While community health and community safety may have been the areas of risks identified to the lives of Western Australians in 2008, and risks that could be actuarial in nature were not central to discussions of the Bill in 2012, the majority of debates for both Bills ultimately centred around socio-cultural risks.
Debates about both WA Bills were primarily focused about the risks that sex work had to the ‘moral fabric’ of WA society. Partly there were fears that this legislation would legitimise sex work as a career option, or prevent upstanding citizens from enjoying the suburbs. As one MP stated, ‘this Bill is all about breaking down our community and pulling out another thread from the moral fabric of our society’ (Hansard,13 March 2008, 835 (Donna Faragher), emphasis added). For many Parliamentarians, the ‘moral fabric’ of WA society was seen to reside wholly in the suburbs. Prostitution would, according to these MPs, flourish in ‘people’s backyards — in their local neighbourhood’ (Hansard, 12 March 2008, 730 (Barry House)) and:
advertising will appear throughout our community, and on radio and television ... Judy Longlegs of Cotteslow will come along and advertise her services probably in the local kindergarten window in case dads pick up their kids from kindergarten, in the local newspaper and on the radio. Everywhere we go, Judy Longlegs will be advertising her services (Hansard, 3 April 2008 (Colin Barnett (Lib))).
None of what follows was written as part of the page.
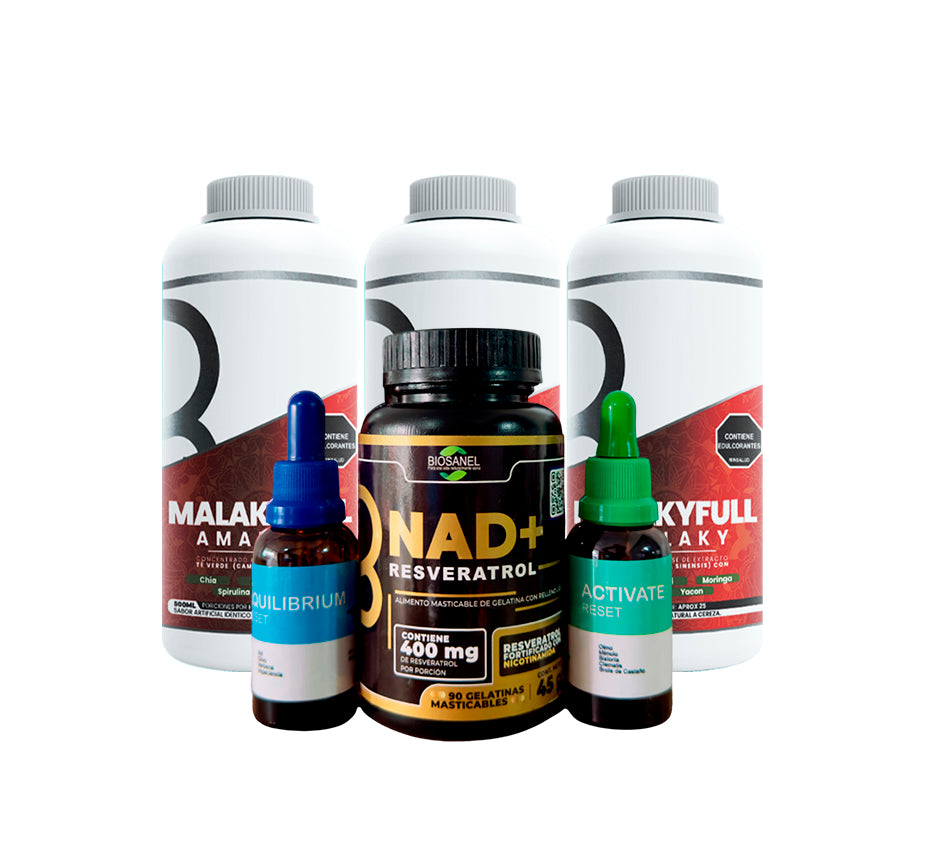 La Ancheta Biosanel reúne una selección especial de suplementos y esencias florales diseñadas para acompañar tu bienestar, tu energía y tu equilibrio emocional. Incluye 3 botellas de MalakyFull, Active Reset, Equilibrium Reset y NAD+ con Resveratrol. Ideal para quienes buscan una rutina natural de autocuidado.

The concern about prostitution in residential areas was addressed in the 2011 Bill, which would have prohibited sex work in residential areas, thereby ‘protecting’ WA families. This stemmed from another fear voiced by MPs regarding enabling sex workers to work close to residential areas. In 2008, there was concern that legalised prostitution would ‘encourage some unscrupulous business operators to push prostitution as a highly paid employment opportunity for young women in Western Australia ... only a person with a sick mind would set out to encourage women to engage in this particular lifestyle’ (Hansard, 13 March 2008, 838 (Samuel Cash)). According to Cash, ‘a greater number of women will enter the employment area of prostitution because, when the fear of prosecution is taken away from certain women, they will be encouraged to enter this lifestyle’ (Hansard, 13 March 2008, 848). Accordingly, legalising prostitution would ‘destro[y] part of the moral fabric of our society by agreeing to this legislation that will promote prostitution among our female population in particular’ (Hansard, 13 March 2008, 848 (Samuel Cash)). Legalised prostitution would also, according to Anthony Fels (Ind), result in marriages breaking down as this Bill would:
contribute to further family breakdown through increased availability of prostitution in Western Australia, which will only lead to increased use by men’ and ‘many wives might not even know what their husbands get up to from time to time, but this legislation will allow more opportunity for husbands and men to participate in prostitution (Hansard, 13 March 2008, 849).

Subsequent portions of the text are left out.